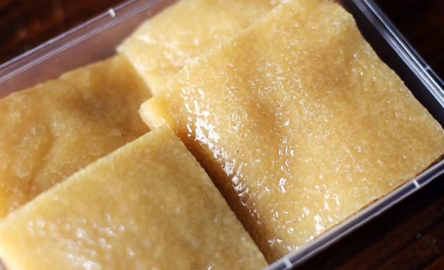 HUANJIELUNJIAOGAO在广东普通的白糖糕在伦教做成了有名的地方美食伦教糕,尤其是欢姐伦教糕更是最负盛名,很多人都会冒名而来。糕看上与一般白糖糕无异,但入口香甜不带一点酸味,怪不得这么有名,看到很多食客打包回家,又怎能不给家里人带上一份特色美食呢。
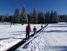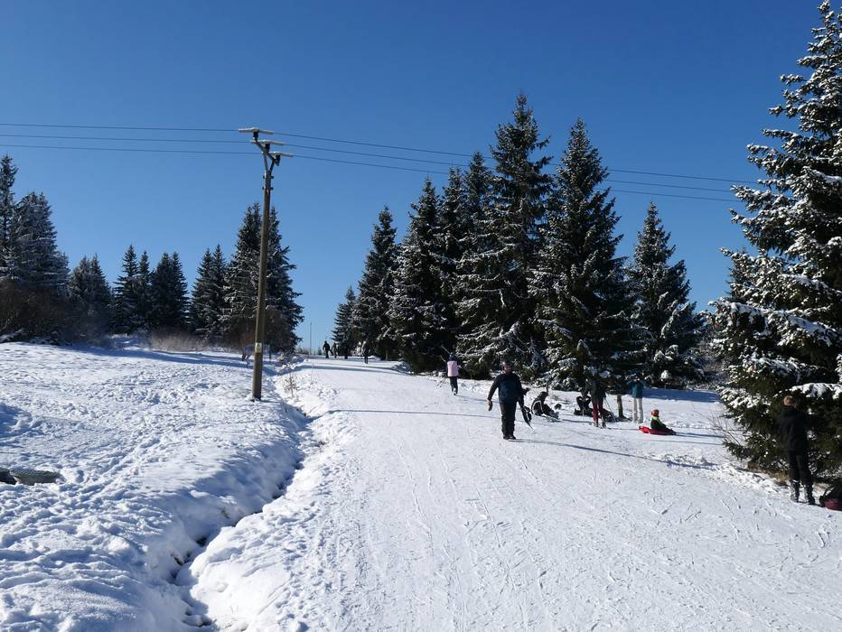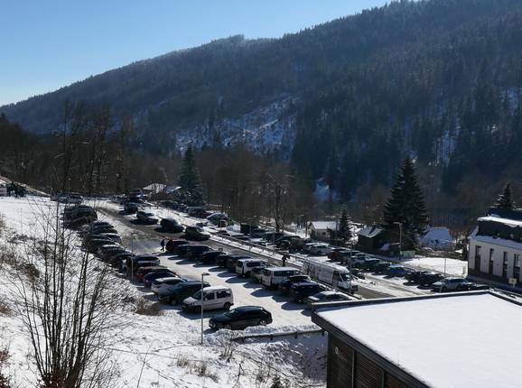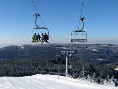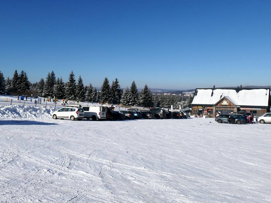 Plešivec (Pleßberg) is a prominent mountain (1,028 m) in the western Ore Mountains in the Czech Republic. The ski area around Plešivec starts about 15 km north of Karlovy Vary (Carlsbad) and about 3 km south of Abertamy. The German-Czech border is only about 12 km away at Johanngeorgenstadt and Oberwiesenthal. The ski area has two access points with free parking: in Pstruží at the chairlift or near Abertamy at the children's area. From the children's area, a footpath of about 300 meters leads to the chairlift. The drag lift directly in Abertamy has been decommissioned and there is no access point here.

----

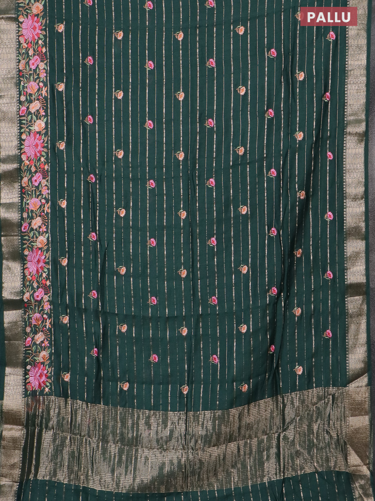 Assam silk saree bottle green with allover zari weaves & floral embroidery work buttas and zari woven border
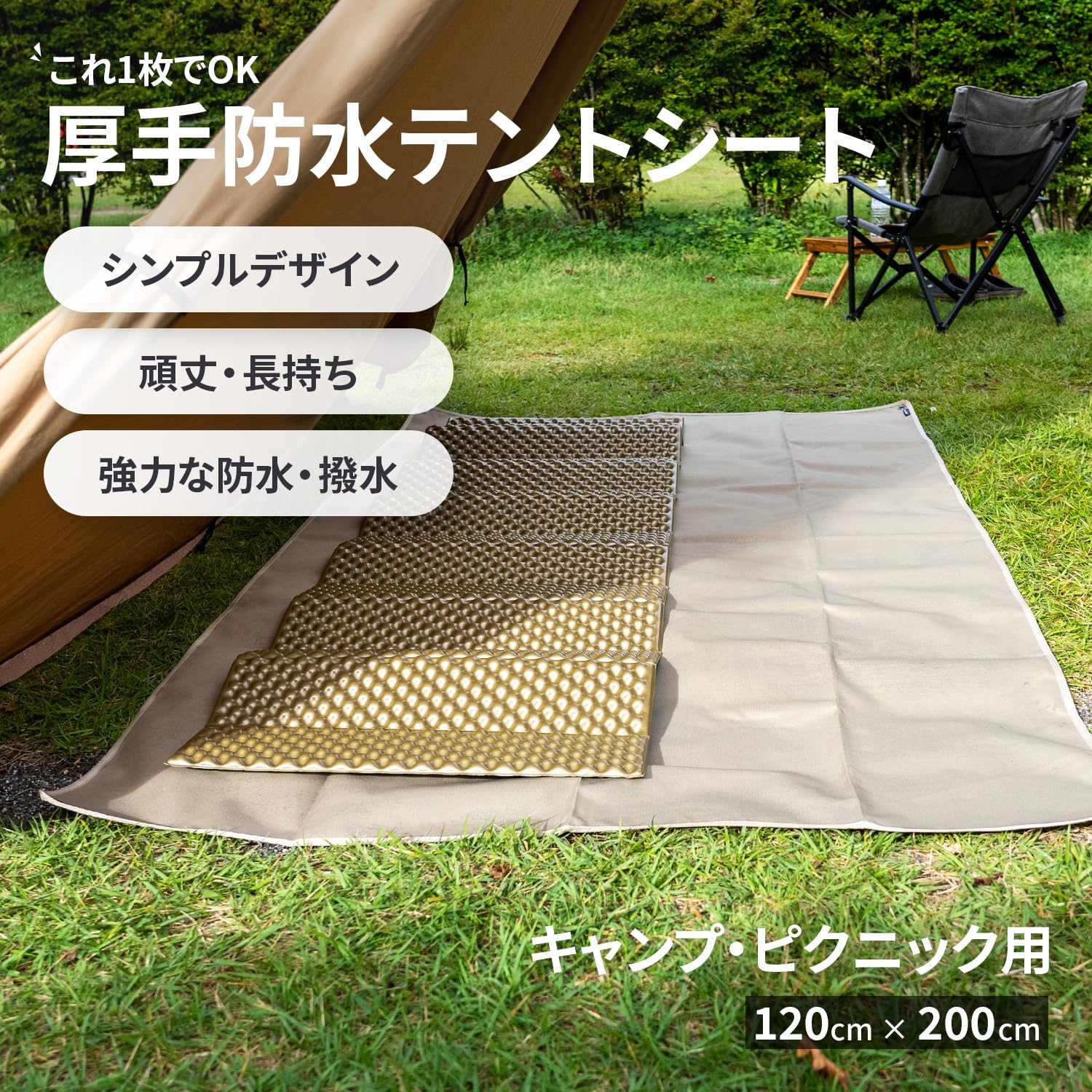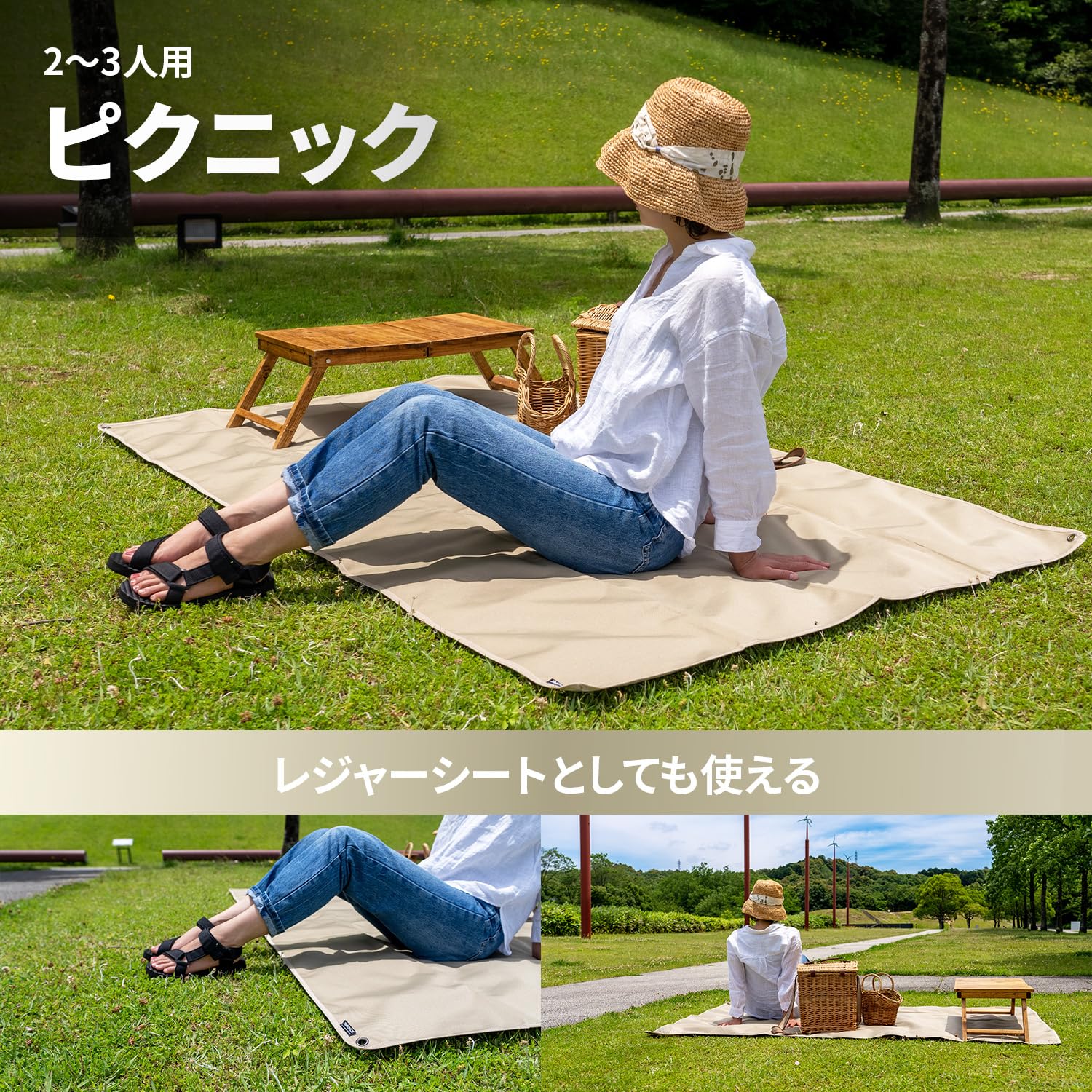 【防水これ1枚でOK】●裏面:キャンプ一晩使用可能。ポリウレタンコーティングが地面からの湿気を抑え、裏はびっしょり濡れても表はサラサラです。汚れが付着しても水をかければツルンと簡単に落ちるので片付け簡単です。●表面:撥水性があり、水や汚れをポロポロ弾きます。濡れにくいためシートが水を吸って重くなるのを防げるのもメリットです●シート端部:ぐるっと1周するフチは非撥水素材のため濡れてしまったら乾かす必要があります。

----

**What the task requires**
Only one part of the material above is wanted: the lines from the one with "HUANJIELUNJIAO" up to and including the one with "Plešivec (Pleßberg) is". Please copy them exactly, pictures left out.

**Result of the task**
 HUANJIELUNJIAOGAO在广东普通的白糖糕在伦教做成了有名的地方美食伦教糕,尤其是欢姐伦教糕更是最负盛名,很多人都会冒名而来。糕看上与一般白糖糕无异,但入口香甜不带一点酸味,怪不得这么有名,看到很多食客打包回家,又怎能不给家里人带上一份特色美食呢。
 Plešivec (Pleßberg) is a prominent mountain (1,028 m) in the western Ore Mountains in the Czech Republic. The ski area around Plešivec starts about 15 km north of Karlovy Vary (Carlsbad) and about 3 km south of Abertamy. The German-Czech border is only about 12 km away at Johanngeorgenstadt and Oberwiesenthal. The ski area has two access points with free parking: in Pstruží at the chairlift or near Abertamy at the children's area. From the children's area, a footpath of about 300 meters leads to the chairlift. The drag lift directly in Abertamy has been decommissioned and there is no access point here.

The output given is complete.